Après la chirurgie classique dite à coeur ouvert, les spécialistes sont donc en train de travailler si possible sur un «coeur fermé»?

Oui, la tendance est bien là. Grâce aux progrès technologiques et aux techniques interventionnelles, nous pouvons opérer des patients toujours plus âgés. Alors qu’un patient de 85 ans n’entre plus en ligne de compte pour une chirurgie «à ciel ouvert», une intervention par voie endoscopique ou par cathétérisme est envisageable. Les techniques moins invasives sont souvent ressenties comme avantageuses par le patient, car moins traumatiques, mais bien souvent le résultat n’est pas aussi parfait qu’en chirurgie cardiaque conventionnelle.

Quelques mots sur la transplantation cardiaque. Quelles solutions envisagez-vous pour répondre au nombre grandissant de personnes en attente d’un coeur à transplanter?

La greffe cardiaque est une intervention assez sensationnelle, mais il ne faut pas oublier que les progrès de la médecine de transplantation sont indissociables de ceux réalisés en immunologie, car ce sont ces derniers qui ont permis de prévenir et de traiter les rejets et par là d’améliorer les résultats à long terme.

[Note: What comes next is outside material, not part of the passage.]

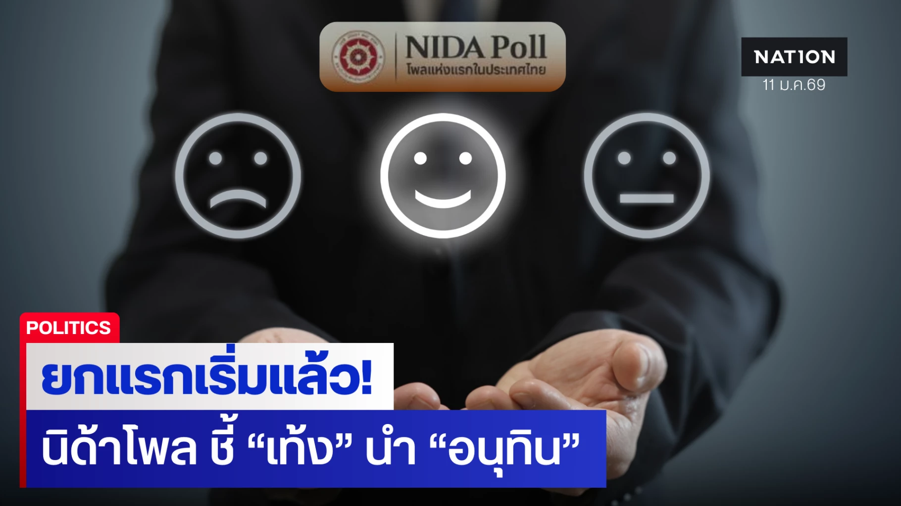 11 มกราคม 2569 ศูนย์สำรวจความคิดเห็น “นิด้าโพล” สถาบันบัณฑิตพัฒนบริหารศาสตร์ (นิด้า) เปิดเผยผลการสำรวจ เรื่อง “ยกแรก กระแสเลือกตั้ง 69” ทำการสำรวจระหว่างวันที่ 5-8 มกราคม 2569 จากประชาชนที่มีอายุ 18 ปีขึ้นไป กระจายทุกภูมิภาค ระดับการศึกษา อาชีพ และรายได้ ทั่วประเทศ รวมจำนวนทั้งสิ้น 2,500 หน่วยตัวอย่าง เกี่ยวกับกระแสการเลือกตั้ง ปี 2569 การสำรวจอาศัยการสุ่มตัวอย่างโดยใช้ความน่าจะเป็นจากบัญชีรายชื่อฐานข้อมูลตัวอย่างหลัก (Master Sample) ของ “นิด้าโพล” สุ่มตัวอย่างแบบหลายขั้นตอน (Multi-stage Sampling) เก็บข้อมูลด้วยวิธีการสัมภาษณ์ทางโทรศัพท์ โดยกำหนดค่าความคลาดเคลื่อนไม่เกิน 0.05 ที่ระดับความเชื่อมั่น ร้อยละ 97.0

Pour faire face au nombre grandissant de patients souffrant d’insuffisance cardiaque, nous avons aujourd’hui d’excellents médicaments, qui donnent de bons résultats chez plus de 90% des patients. Aux autres, nous pouvons proposer la transplantation cardiaque, mais dans un contexte de pénurie d’organes et de listes d’attente. De plus, il faut reconnaître en toute honnêteté que le traitement médicamenteux post-greffe reste lourd.

Une alternative sous la forme d’un système d’assistance, partiellement ou complètement implantable, à la place du coeur malade ou en parallèle à celui-ci, constitue donc une perspective intéressante. Autre avantage: ces systèmes sont disponibles quand on en a besoin, ce qui n’est pas le cas des greffons. Finalement, le traitement médicamenteux après l’implantation d’un «coeur artificiel» se limite essentiellement à une anticoagulation.

Il s’agit de mini-pompes qui pèsent entre 20 et 180 grammes et qui sont placées dans le coeur ou à proximité. Là, elles «court-circuitent» le ventricule gauche en se chargeant de son travail. A titre de comparaison, nous réalisons chaque année ici à Berne une quinzaine de transplantations cardiaques, alors que nous implantons environ 30 systèmes d’assistance chez des patients souffrant d’insuffisance cardiaque très sévère.

Chaque opération est, bien sûr, unique, mais y en a-t-il une peut-être que vous n’oublierez jamais?

Question difficile! Il y a certainement chaque année une ou deux opérations qui sortent du lot. Il me vient à l’esprit une intervention relativement récente, qui remonte à l’automne 2014. Le patient était un jeune homme de 24 ans, qui avait déjà subi trois opérations à coeur ouvert, entre autres, aux Etats-Unis. Il présentait un problème extrêmement compliqué et personne ne se pressait pour le traiter. Il s’agissait d’opérer un gros anévrisme de plusieurs centimètres de diamètre sur une artère coronaire qui ne mesure normalement qu’un ou deux millimètres. Le genre de chose qu’on ne voit qu’une fois dans sa vie de chirurgien! Nous avions décidé de pratiquer une intervention par cathéter, mais la situation «sur le terrain » s’est avérée différente de ce que nous attendions et, malheureusement, la tentative de stabilisation de l’anévrisme a conduit à une interruption de l’irrigation cardiaque. Le coeur s’est arrêté, il a fallu réanimer et ouvrir en urgence la cage thoracique pour pratiquer l’intervention à coeur ouvert, alors que nous n’étions pas dans une salle prévue pour ce genre d’intervention. L’issue de cette opération a finalement été heureuse: le patient est rentré chez lui après six semaines, mais pour nous cette intervention a été à la fois une course contre la montre et un marathon. Nous aurions tout aussi bien pu perdre le patient!

Merci, Professeur Carrel, d’avoir bien voulu répondre à nos questions.